The case before the court was one in which jurisdiction depended upon the character of the cause, as it was a case arising under the law of the Union. It was not an ordinary case of a controversy between a state and one of its citizens, for there the jurisdiction would depend upon the character of the parties. The court concluded, that the appellate power did extend to the case, though a state was a party, because it was a case touching the validity of an act of Congress, and the decision of the state court was against its validity; and in all cases arising under the Constitution, laws, and treaties of the Union, the jurisdiction of the court may be exercised in an appellate form, though a state be a party.

*

The court observed, that the amendment to the Constitution, declaring that the judicial power was not to be construed to extend to any suit in law or equity commenced or prosecuted against a state by individuals, did not apply to a writ of error, which was not a suit against a state, within the meaning of the Constitution; and the jurisdiction of the Supreme Court, in cases arising under the Constitution, laws, and treaties of the Union, may be exercised by a writ of error brought upon the judgment of a state court. The United States are one nation and one people, as to all cases and powers given by the Constitution, and the judicial power must be competent not only to decide on the * 330 validity of the constitution or law of a state, if it be repugnant to the Constitution or to a law of the United States, but also to decide on the judgment of a state tribunal enforcing such unconstitutional law. The federal courts must either possess exclusive jurisdiction in all cases affecting the Constitution and laws and treaties of the Union, or they must have power to revise the judgments rendered on them by the state. tribunals. If the several state courts had final jurisdiction over the same cases, arising upon the same laws, it would be a hydra in government, from which nothing but contradiction and confusion could proceed. Nothing can be plainer than the proposition, that the Supreme Court of the nation must have

power to revise the decisions of local tribunals on questions which affect the nation, or the most important ends of the government might be defeated, and we should be no longer one nation for any efficient purpose. The doctrine would go to destroy the great fundamental principles on which the fabric of the Union stands. (a)1

We have now finished the review of the most important points that have arisen in the jurisprudence of the United States, on the subject of the original and appellate jurisdiction of the Supreme Court. So far as the powers of that court, under the Constitution, and under the 25th section of the Judiciary Act of 1789, have been drawn in question, they have been maintained with great success, and with an equal display of dignity and discretion. (x)

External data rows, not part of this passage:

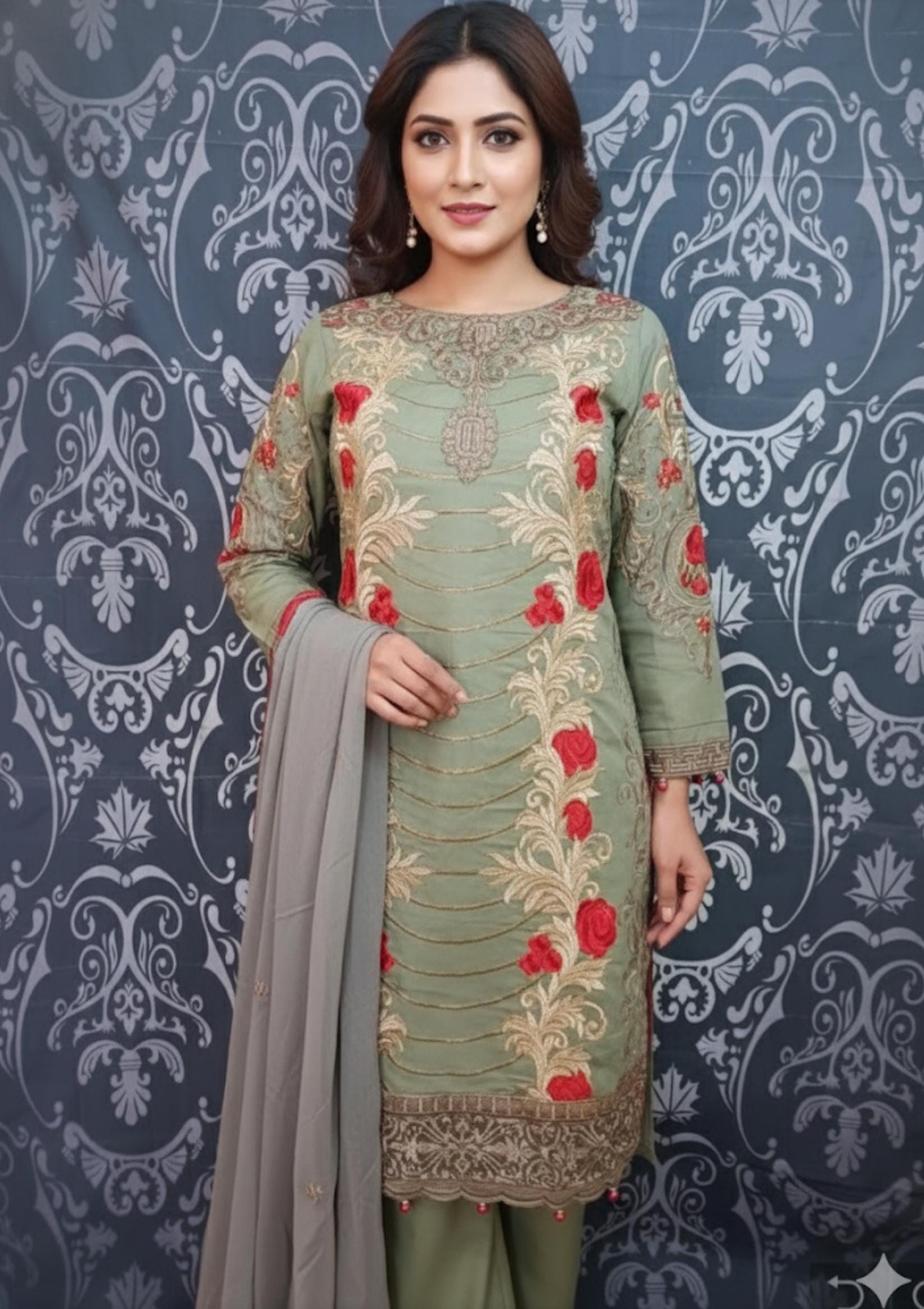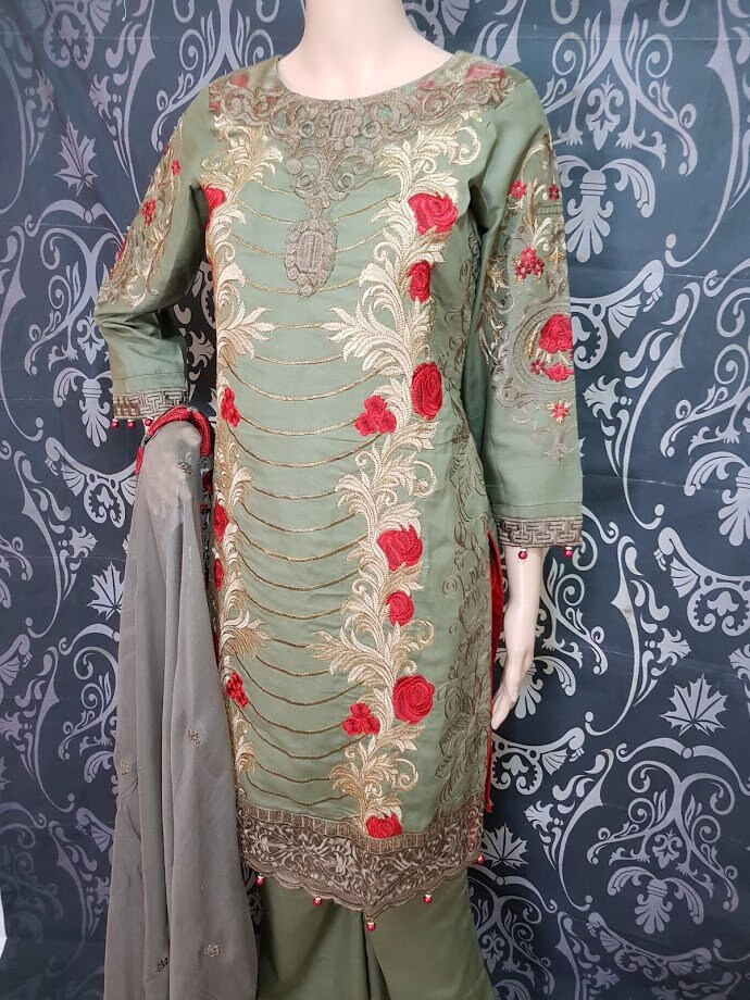 Pakistani salwar kameez Embroidered Cotton Salwar Kameez with Scarf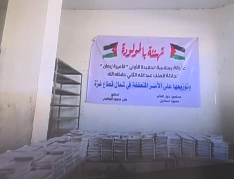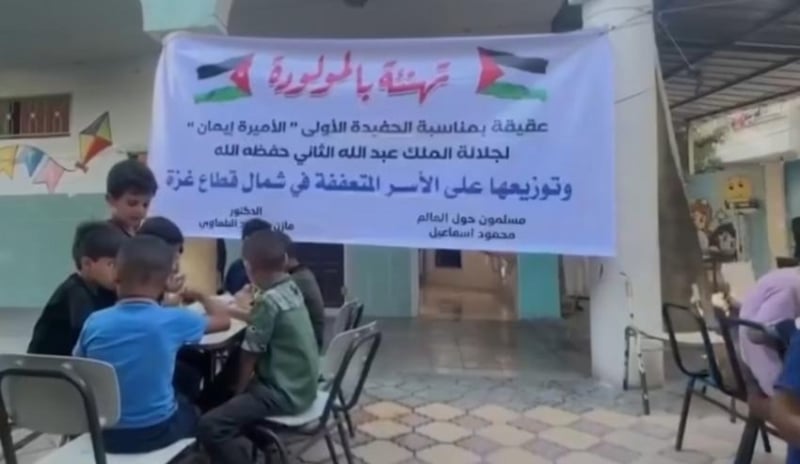 في لفتة إنسانية مليئة بالفرح رغم ما يعانيه أهالي شمال غزة من حصار ودمار نتيجة الحرب المستمرة منذ عام ونصف، أقاموا "عقيقة" بمناسبة قدوم سمو الأميرة إيمان بنت الحسين.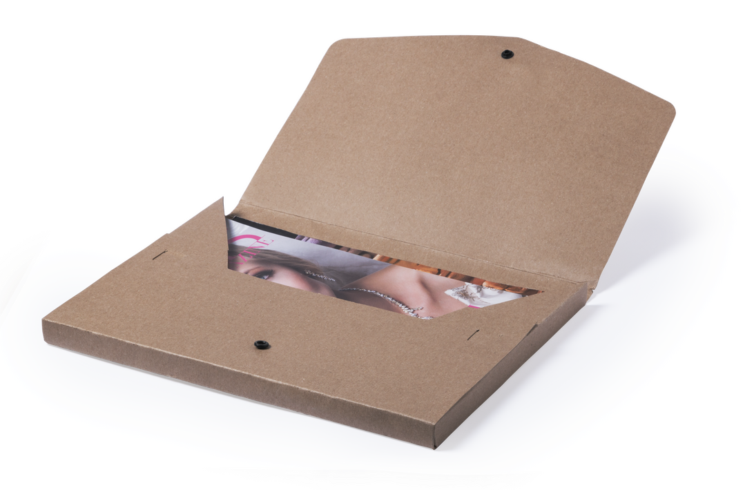 Portadocumentos en resistente cartón reciclado de acabado rígido con cierre de corchete en solapa.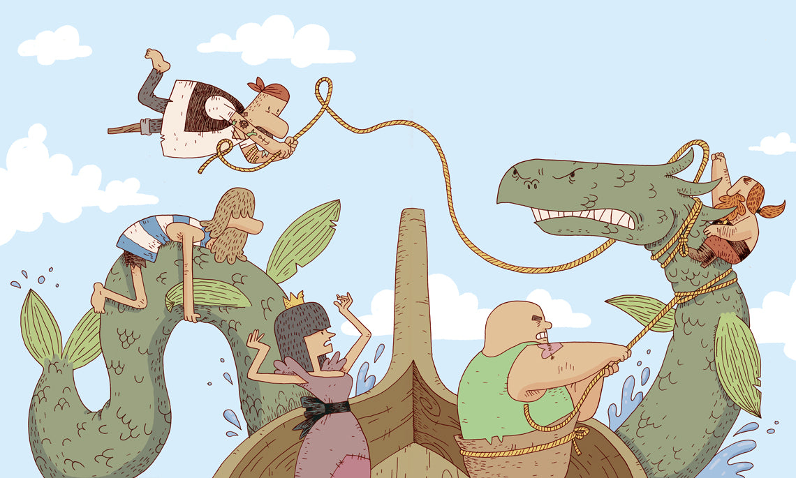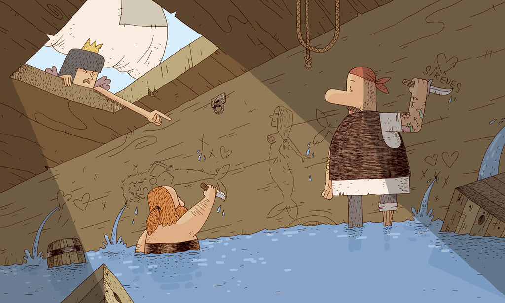 From the top of the most majestic tower of the Malotrus castle, Queen Et-Que-Ça-Saute scans the sea with her telescope. In the distance, she spots a tiny raft floating adrift.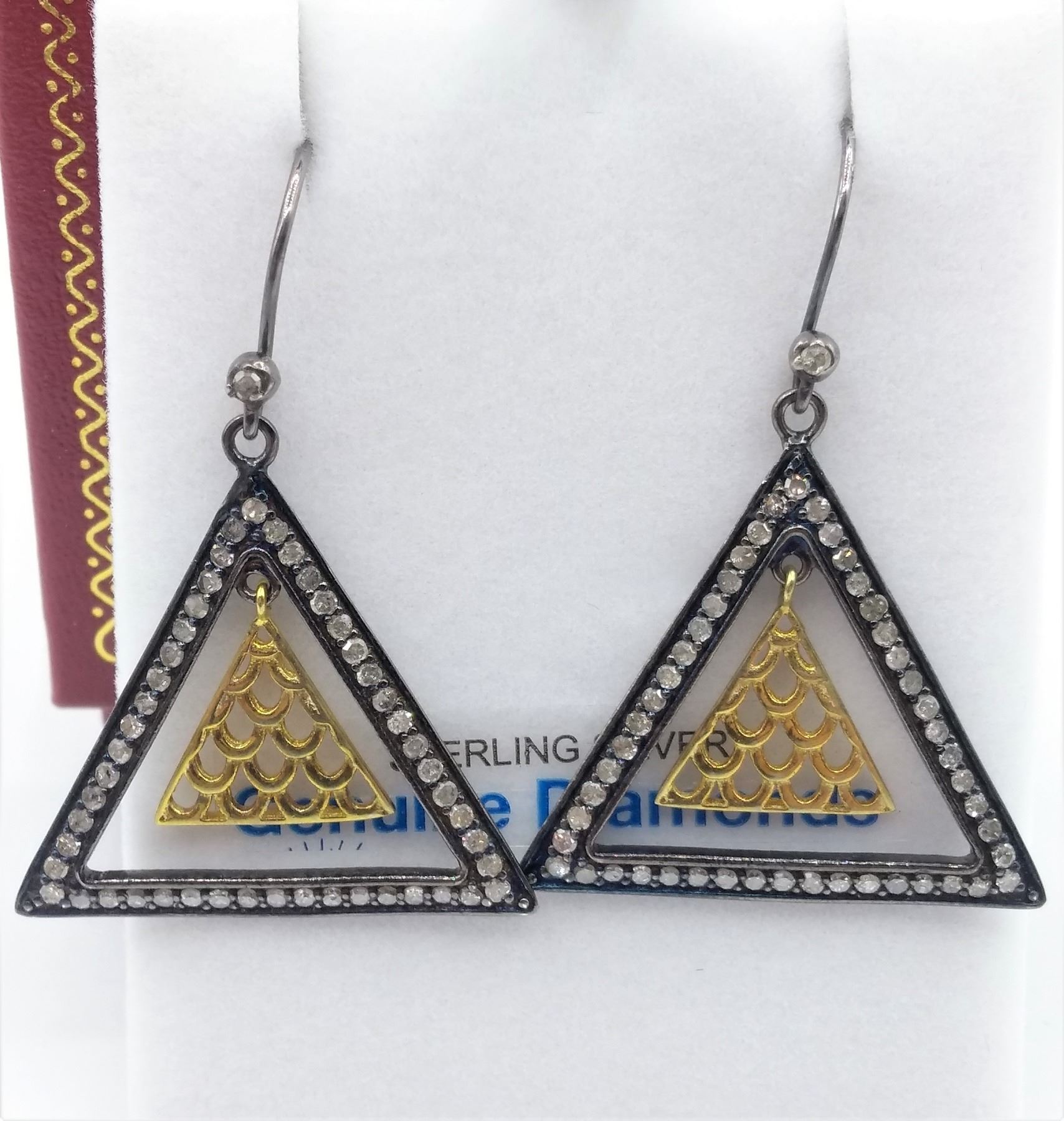 Yellow & Black Gold plated Sterling Silver Diamond Earrings, 98 Diamonds (1.31cts), With appraisal of $1700.00

(a) In Williams v. Norris and Montgomery v. Hernandez, 12 Wheaton, 117, 129, under the 25th section of the Judiciary Act of 1789, c. 20, it was held that the Supreme Court has no appellate jurisdiction, unless the decision in the state court be against the right or title set up by the party under the Constitution or statute of the United States, and the title depended thereon; or unless the decision be in favor of a state law, when its validity was questioned, as repugnant to the Constitution of the United States, and the right of the party depended upon the state law.

1 Ante, 326, n. 1.

(x) The appellate jurisdiction of the Supreme Court was materially affected by the Act of March 3, 1891, ch. 517 (26 St. at L. 826; see also Ibid. 1115), establishing in each circuit a circuit court of appeals, consisting of three judges; which act abolished (by § 4) the previous appellate jurisdiction of the circuit courts; and provided (§ 5) for an appeal from the district or circuit courts direct to the Supreme Court in certain cases. The marshals thereby provided for these courts were abolished by the Act of July 16, 1892 (27 St. at L. 222), which devolved the duties of that office upon the U. S. marshals. See further Rules 36, 37, 38 of the U. S. Supreme Court Rules. These courts were established for the relief of the Supreme Court and for the despatch of business therein, and the above Act had immediate operation, though previous judgments could not be reviewed by them. See In re Claasen, 140 U. S. 200; McLish v. Roff,

141 U. S. 661; In re Woods, 143 U. S. 202; Lau Ow Bew v. United States, 144 U. S. 47; 47 Fed. Rep. 641; Lau Ow Bew, petitioner, 141 U. S. 583; Mattingly v. N. W. Va. R. Co., 158 U. S. 53; New York, &c. R. Co. v. Bennett, 49 Fed. Rep. 598; Baltimore & O. R. Co. v. Andrews, 50 id. 728; United States v. National Exchange Bank, 53 id. 9.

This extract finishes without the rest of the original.